Task goal: Everything from the line with "glow of moonlight." down to the line with "Vom Parkplatz nach" below must be printed exactly, those two lines included. Exclude pictures.

Supplied material:
---------------

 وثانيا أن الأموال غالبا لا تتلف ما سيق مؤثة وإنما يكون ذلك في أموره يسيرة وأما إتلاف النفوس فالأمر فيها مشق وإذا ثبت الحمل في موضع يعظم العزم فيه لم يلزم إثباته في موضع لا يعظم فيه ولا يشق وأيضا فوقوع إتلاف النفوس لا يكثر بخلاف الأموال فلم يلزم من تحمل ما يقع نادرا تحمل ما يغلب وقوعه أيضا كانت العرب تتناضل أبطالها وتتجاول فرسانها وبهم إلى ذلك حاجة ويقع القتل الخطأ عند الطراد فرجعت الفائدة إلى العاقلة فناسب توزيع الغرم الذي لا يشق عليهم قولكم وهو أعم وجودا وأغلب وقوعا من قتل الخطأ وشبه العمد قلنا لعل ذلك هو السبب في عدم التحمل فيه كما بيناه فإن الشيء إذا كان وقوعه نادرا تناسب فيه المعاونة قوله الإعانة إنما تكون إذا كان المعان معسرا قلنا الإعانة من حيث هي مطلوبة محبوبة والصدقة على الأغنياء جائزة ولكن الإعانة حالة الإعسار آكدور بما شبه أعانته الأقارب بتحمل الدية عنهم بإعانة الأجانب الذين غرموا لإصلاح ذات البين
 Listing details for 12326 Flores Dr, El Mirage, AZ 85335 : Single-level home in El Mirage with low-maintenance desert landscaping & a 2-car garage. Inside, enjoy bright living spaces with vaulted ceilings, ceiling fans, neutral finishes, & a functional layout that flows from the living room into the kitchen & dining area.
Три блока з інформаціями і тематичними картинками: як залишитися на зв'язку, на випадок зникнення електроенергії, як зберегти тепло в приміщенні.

---------------

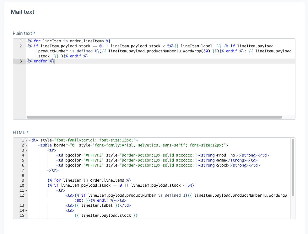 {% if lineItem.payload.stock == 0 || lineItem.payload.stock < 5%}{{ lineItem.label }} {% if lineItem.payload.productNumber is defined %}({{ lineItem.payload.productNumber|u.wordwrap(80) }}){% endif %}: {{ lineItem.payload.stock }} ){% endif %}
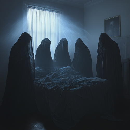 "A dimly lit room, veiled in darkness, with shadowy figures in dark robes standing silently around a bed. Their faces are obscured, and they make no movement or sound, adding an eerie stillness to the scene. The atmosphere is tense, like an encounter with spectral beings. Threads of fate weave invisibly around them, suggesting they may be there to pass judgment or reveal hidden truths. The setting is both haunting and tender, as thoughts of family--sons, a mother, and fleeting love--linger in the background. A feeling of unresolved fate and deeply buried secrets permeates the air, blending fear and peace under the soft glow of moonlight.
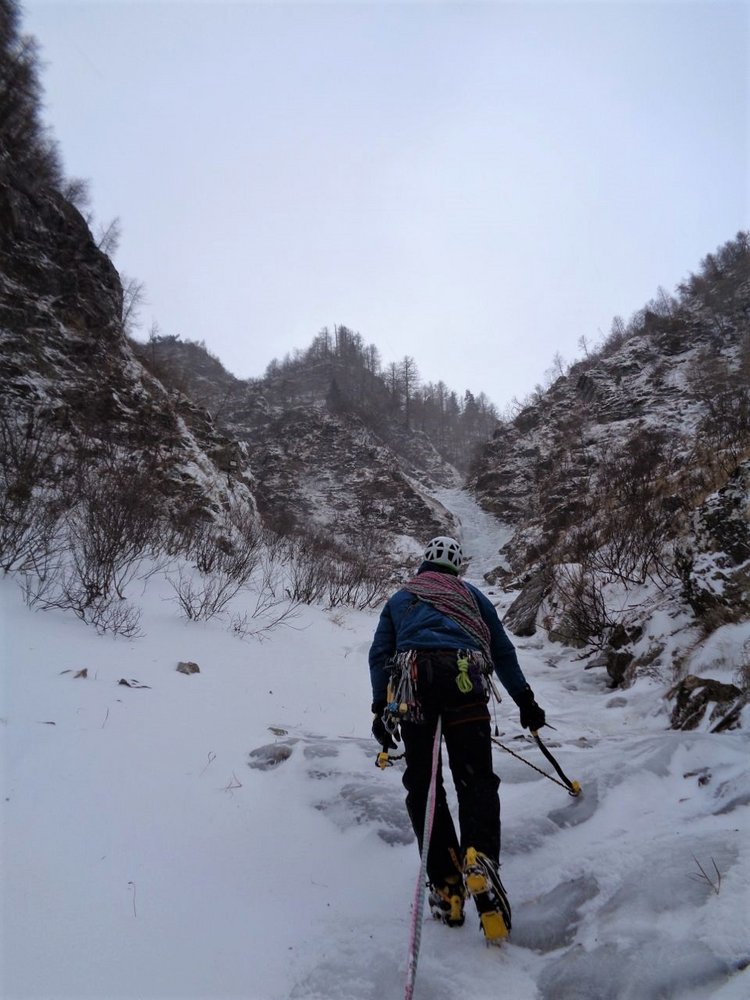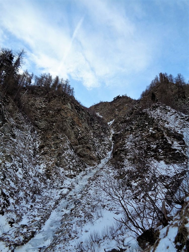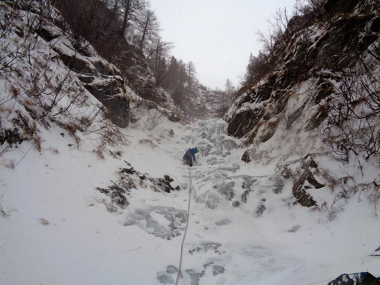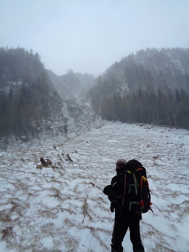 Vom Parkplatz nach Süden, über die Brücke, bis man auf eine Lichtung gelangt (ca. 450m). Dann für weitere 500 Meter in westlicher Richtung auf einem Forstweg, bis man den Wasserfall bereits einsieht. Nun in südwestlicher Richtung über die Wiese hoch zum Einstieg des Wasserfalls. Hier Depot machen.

---------------

Finished exercise:
 "A dimly lit room, veiled in darkness, with shadowy figures in dark robes standing silently around a bed. Their faces are obscured, and they make no movement or sound, adding an eerie stillness to the scene. The atmosphere is tense, like an encounter with spectral beings. Threads of fate weave invisibly around them, suggesting they may be there to pass judgment or reveal hidden truths. The setting is both haunting and tender, as thoughts of family--sons, a mother, and fleeting love--linger in the background. A feeling of unresolved fate and deeply buried secrets permeates the air, blending fear and peace under the soft glow of moonlight.
 Vom Parkplatz nach Süden, über die Brücke, bis man auf eine Lichtung gelangt (ca. 450m). Dann für weitere 500 Meter in westlicher Richtung auf einem Forstweg, bis man den Wasserfall bereits einsieht. Nun in südwestlicher Richtung über die Wiese hoch zum Einstieg des Wasserfalls. Hier Depot machen.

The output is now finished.